In the fields of earth observation, deep space detection, laser communication, and directional energy weapon, the target needs to be observed and pointed at accurately. Acquisition, tracking, and pointing (ATP) systems are usually designed to stabilize the line of sight (LOS) within sub-micro radian levels. In the case of an ATP system mounted on a mobile platform, angular disturbances experienced by the mobile platform will seriously affect the LOS. To overcome the problem that the sampling frequency of detectors is usually limited and achieving several hundreds of hertz is difficult, the wide-bandwidth inertial reference system (WBIRS) and fast steering mirror are usually integrated into ATP systems to mitigate these angular disturbances. To reduce the structural stress, a flexible support providing two rotational degrees of freedom is usually adopted for the system. However, the occurrence of resonant points within the bandwidth will be inevitable. Measurements have to be taken to compensate these low-frequency resonant points to realize a wide bandwidth and high precision. In this paper, the low-frequency resonant points of a system were simulated using finite element analysis and tested by a system identification method.
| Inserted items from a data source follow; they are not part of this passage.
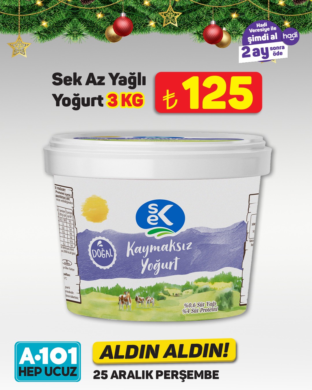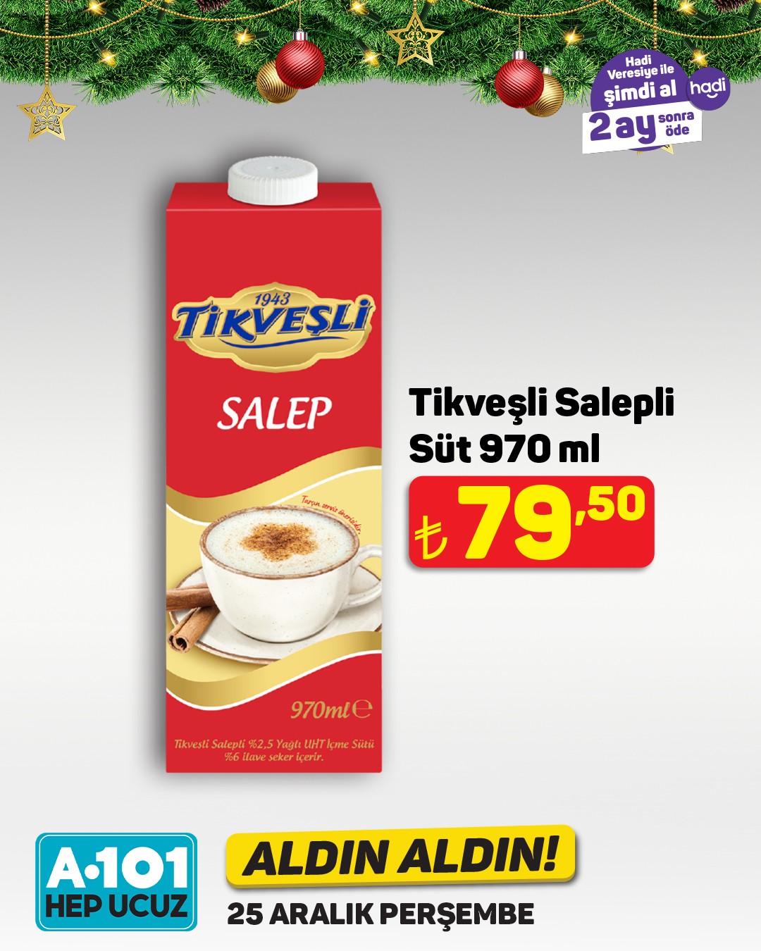 Perakende zinciri A101 , gelenekselleşen “Aldın Aldın” kampanyalı ürünlerinin 25 Aralık Perşembe gününden itibaren mağazalarında ve mobil uygulaması A101 Kapıda üzerinden satışa sunulacağını açıkladı.Yapılan açıklamada, tüketicilerin Altınkılıç Ezine Çiftliği Yarım Yağlı Tost Peyniri 1 KG gibi fırsat ürünlerine 25 Aralık tarihi itibarıyla ulaşabileceği belirtildi. Ürünün fiyatı 289 TL olarak duyuruldu.A101 tarafından yapılan paylaşımda, ürün stoklarının satış noktasına göre değişiklik gösterebileceği vurgulandı. Tüketicilere, mağaza stoklarında bulunmayan ürünler için A101 Kapıda uygulamasını kullanma veya kendilerine yakın diğer mağazaları kontrol etme önerisi yapıldı.Editör: Haber MerkeziKaynak: Sosyal Medya
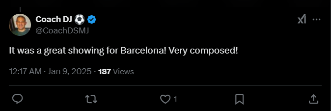 Coach DJ: «Это было великолепное выступление «Барселоны»! Очень сдержанно!».
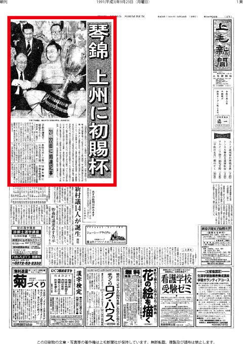 琴錦 上州に初賜杯 1991(平成3)年9月23日

The results show that the first-order resonance happened at 34.5 Hz with a gain of 28 dB. An improved double-T notch filter was designed and applied in a real-time system to suppress the resonance at 34.5 Hz. The experimental results show that the resonance was significantly suppressed. In particular, the resonance peak was reduced by 79.37%. In addition, the closed-loop system settling time was reduced by 36.2%.